Update slurm comparison

eagleonhill · eagleonhill · commit ecb3b9e29cb2 · 2025-09-28T14:58:48.000-07:00
diff --git a/.vitepress/theme/ComparisonLayout.vue b/.vitepress/theme/ComparisonLayout.vue
@@ -11,7 +11,7 @@
             Begin your Velda journey today
         </h2>
         <a
-            href="/get-started"
+            href="/comparison"
             class="get-started-btn"
         >
             Get Started
diff --git a/slurm-alternative.md b/slurm-alternative.md
@@ -1,17 +1,17 @@
 ---
 layout: page
 sidebar: false
-title: "Velda vs Slurm: Modern Cloud Development Platform"
-description: "Compare Velda's cloud-native development platform with traditional Slurm HPC systems. Discover Kubernetes-based architecture, better resource utilization, and superior developer experience."
-keywords: ["Velda vs Slurm", "HPC alternative", "cloud development", "Kubernetes pods", "workload isolation", "container deployment", "modern HPC", "Slurm replacement"]
+title: "Velda: The Modern Slurm Alternative for High Performance computing"
+description: "Compare Velda's cloud-native development platform with traditional Slurm HPC systems. Discover cloud-native architecture, better resource utilization, and superior developer experience."
+keywords: ["Slurm Alternative", "HPC Cluster", "cloud HPC development", "Slurm VSCode", "Slurm GPU training", "Slurm replacement"]
 image: "https://velda.io/og-preview.png"
 ---
 <ComparisonDoc>
 <template #comparison-banner>
 
 <ComparisonBanner 
   verdict-title="Finally, a modern HPC cluster management"
-  verdict-description="Velda simplifies development and job management with its user-friendly CLIs. It also supports flexible scaling with minimal infrastructure cost and effort. In contrast, Slurm requires a rigid environment and static cluster, which means more effort to manage the platform and more restrictions on the workload. Designed for teams who want more productivity, Velda helps developers easily develop and manage their workloads from the start."

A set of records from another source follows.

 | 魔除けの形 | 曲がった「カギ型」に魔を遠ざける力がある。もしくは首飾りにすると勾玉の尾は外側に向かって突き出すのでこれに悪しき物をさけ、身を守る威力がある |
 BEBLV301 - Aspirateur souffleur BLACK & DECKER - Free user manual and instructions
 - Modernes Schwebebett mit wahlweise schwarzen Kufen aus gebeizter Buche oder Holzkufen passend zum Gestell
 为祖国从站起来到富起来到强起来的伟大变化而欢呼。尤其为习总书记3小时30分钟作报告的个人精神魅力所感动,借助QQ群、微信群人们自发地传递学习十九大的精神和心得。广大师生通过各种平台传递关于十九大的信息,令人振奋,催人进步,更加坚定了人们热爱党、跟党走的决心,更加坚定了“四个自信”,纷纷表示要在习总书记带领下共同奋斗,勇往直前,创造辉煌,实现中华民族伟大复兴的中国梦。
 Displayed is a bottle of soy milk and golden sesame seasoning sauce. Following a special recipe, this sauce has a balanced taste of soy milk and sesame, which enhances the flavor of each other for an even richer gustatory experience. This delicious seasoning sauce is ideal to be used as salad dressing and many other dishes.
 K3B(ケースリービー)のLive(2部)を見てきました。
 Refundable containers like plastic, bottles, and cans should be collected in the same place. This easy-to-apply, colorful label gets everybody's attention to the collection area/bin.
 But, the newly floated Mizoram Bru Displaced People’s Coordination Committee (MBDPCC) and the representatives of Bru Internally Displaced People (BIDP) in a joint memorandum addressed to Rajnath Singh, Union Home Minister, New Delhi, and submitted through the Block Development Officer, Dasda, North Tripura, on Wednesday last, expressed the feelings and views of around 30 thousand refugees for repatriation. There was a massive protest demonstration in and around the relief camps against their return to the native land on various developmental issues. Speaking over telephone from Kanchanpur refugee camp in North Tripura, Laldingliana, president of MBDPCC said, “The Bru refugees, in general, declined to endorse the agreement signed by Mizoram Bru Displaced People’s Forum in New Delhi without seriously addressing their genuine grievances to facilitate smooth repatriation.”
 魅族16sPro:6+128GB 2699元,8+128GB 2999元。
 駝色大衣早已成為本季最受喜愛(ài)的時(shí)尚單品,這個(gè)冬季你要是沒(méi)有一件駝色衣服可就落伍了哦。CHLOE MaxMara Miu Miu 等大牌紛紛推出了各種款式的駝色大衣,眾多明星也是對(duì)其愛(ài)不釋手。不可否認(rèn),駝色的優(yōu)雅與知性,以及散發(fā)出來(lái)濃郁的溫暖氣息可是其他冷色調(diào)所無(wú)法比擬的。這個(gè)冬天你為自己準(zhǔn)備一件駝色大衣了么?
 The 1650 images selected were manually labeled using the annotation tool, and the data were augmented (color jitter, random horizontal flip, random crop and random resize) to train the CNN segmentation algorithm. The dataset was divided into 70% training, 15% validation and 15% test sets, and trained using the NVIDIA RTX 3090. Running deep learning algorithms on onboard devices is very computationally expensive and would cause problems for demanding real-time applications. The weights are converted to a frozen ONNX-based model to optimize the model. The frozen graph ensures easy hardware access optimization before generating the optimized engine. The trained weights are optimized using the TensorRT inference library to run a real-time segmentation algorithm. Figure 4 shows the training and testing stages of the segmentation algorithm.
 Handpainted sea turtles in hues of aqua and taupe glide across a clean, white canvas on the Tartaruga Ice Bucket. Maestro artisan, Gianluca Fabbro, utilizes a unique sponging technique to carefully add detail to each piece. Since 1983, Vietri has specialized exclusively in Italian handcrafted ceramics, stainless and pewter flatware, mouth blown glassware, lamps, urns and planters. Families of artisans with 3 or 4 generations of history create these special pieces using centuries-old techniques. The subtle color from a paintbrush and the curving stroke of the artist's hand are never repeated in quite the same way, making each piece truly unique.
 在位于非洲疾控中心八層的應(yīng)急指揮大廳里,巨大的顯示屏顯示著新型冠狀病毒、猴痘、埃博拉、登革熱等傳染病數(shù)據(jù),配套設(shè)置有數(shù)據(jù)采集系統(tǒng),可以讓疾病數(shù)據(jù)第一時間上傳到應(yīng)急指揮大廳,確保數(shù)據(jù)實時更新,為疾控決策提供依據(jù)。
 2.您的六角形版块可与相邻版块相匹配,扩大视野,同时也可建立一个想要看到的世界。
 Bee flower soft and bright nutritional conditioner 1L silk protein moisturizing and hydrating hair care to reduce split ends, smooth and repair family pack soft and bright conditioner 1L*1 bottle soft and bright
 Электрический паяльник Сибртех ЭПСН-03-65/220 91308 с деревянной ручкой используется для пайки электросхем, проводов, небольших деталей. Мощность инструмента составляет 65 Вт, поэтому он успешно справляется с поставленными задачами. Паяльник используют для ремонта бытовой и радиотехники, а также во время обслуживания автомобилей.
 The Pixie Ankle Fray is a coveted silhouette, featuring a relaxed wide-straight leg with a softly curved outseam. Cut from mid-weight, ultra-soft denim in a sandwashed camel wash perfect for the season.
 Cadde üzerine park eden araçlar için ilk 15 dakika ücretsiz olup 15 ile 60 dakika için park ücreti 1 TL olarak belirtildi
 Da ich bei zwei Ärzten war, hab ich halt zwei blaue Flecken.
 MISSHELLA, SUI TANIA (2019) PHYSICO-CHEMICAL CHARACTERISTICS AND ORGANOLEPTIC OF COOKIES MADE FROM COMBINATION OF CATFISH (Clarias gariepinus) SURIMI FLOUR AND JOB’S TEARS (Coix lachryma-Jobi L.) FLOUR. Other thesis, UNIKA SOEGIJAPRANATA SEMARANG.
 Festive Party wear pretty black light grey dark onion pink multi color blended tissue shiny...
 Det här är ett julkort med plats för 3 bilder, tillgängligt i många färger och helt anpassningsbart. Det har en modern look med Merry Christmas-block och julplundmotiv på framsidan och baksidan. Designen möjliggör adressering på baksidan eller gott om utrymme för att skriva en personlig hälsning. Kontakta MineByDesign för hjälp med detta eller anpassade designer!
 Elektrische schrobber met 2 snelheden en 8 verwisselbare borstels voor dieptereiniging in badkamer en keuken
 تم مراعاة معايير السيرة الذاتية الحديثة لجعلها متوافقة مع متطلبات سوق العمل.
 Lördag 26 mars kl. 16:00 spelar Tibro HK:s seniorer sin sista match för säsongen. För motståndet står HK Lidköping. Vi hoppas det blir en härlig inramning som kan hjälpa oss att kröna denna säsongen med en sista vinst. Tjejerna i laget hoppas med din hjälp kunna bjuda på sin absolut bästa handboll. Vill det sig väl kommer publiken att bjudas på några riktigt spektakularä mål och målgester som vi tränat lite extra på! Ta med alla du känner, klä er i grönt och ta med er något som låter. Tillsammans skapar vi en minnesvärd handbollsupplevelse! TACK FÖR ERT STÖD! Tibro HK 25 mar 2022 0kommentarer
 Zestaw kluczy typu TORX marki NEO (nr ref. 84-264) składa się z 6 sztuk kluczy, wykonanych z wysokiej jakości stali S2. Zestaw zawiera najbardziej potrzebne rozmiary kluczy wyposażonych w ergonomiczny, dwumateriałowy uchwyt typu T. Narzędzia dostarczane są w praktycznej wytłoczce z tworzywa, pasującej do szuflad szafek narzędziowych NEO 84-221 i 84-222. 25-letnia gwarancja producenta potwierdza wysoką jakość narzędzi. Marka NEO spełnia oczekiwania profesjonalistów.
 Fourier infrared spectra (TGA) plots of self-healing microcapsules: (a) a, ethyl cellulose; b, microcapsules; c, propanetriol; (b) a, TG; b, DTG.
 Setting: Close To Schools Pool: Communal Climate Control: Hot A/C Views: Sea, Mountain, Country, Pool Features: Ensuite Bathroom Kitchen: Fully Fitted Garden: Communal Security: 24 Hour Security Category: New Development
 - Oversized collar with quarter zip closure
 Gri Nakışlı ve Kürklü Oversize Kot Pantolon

+  verdict-description="Velda simplifies development and job management with its user-friendly command-line interfaces (CLIs). It supports flexible scaling with minimal infrastructure cost and effort. In contrast, Slurm requires a rigid environment and a typically static cluster, which means more effort to manage the platform and more restrictions on the workload. Designed for teams that demand higher productivity, Velda empowers developers to manage their workloads easily and cost-effectively from the start."
   :cta-buttons="[
     { text: 'Get Started', link: 'https://velda.io/comparison', variant: 'primary' },
     { text: 'Book Demo', link: 'https://calendly.com/velda-io/30min', variant: 'secondary' }
@@ -29,51 +29,52 @@ image: "https://velda.io/og-preview.png"
 |--------------------|--------------------|--------------------|
 | **Containerized Execution**<br>Each task runs in a container that is isolated with other workloads on the same node, and workload cannot access tasks of other users| ❌ | ✅ |
 | **Environment customization**<br>Every workload can run in fully customizable environment, including some system packages(apt, pip, etc.) | ❌ | ✅ |
-| **Email**<br>Get notified when your job is completed | ❌ | ✅ |
-| **Cluster autoscale**<br>Allocate compute resources from Cloud / Kubernetes based on demand | ❌ | ✅ |
-| **Interactive Development**<br>Developers have access to dedicated dev-environments, with full capability like IDEs and docker access | ❌ | ✅ |
-| **Service deployment**<br>Run service directly in the cluster in one command, and access them with multiple options like DNS names, port-forwarding or load-balancer | ❌ | ✅ |
+| **Cluster Management**<br>Allocate compute resources from Cloud / Kubernetes based on demand, share resource with other Kubernetes on the same Node | ❌ | ✅ |
+| **Interactive Development**<br>Developers have access to dev-environments that can be used as the [primary dev solution](/blog/why-stuck-inefficient-gpu-setup), with full capability like IDEs and docker access, or VS-Code access from browser.| ❌ | ✅ |
+| **Service development**<br>Run service directly in the cluster in one command, and access them with multiple options like DNS names, port-forwarding or load-balancer. [vrun is all you need](/blog/vrun-is-all-you-need) | ❌ | ✅ |
 | **SSO integration**<br>Use your SSO provider to manage user access / login | ❌ | ✅ |
 | **RBAC**<br>Role based access control: Limit who can see other's job/data | ❌ | ✅ |
-| **API access**<br>Run jobs, manage workloads, analyze task results, through powerful and secure rest API | ❌ | ✅ |
 | **Web access**<br>From browser, directly start development in VS Code Web, or view task logs | Third-party | ✅ |
 
 </template>
 
-# Velda vs. Slurm
 # What's right for me?
+Both Velda and Slurm are options for managing HPC clusters, and they provide a similar command-line interface to run jobs. Users who are already familiar with Slurm will find it easy to get started with Velda, while Velda offers a more modern, cloud-native approach.
 
-Both Velda and Slurm serve as options for managing HPC clusters. They provide similar command-line interface to run jobs,
-assuming all nodes have a consistent environment setup.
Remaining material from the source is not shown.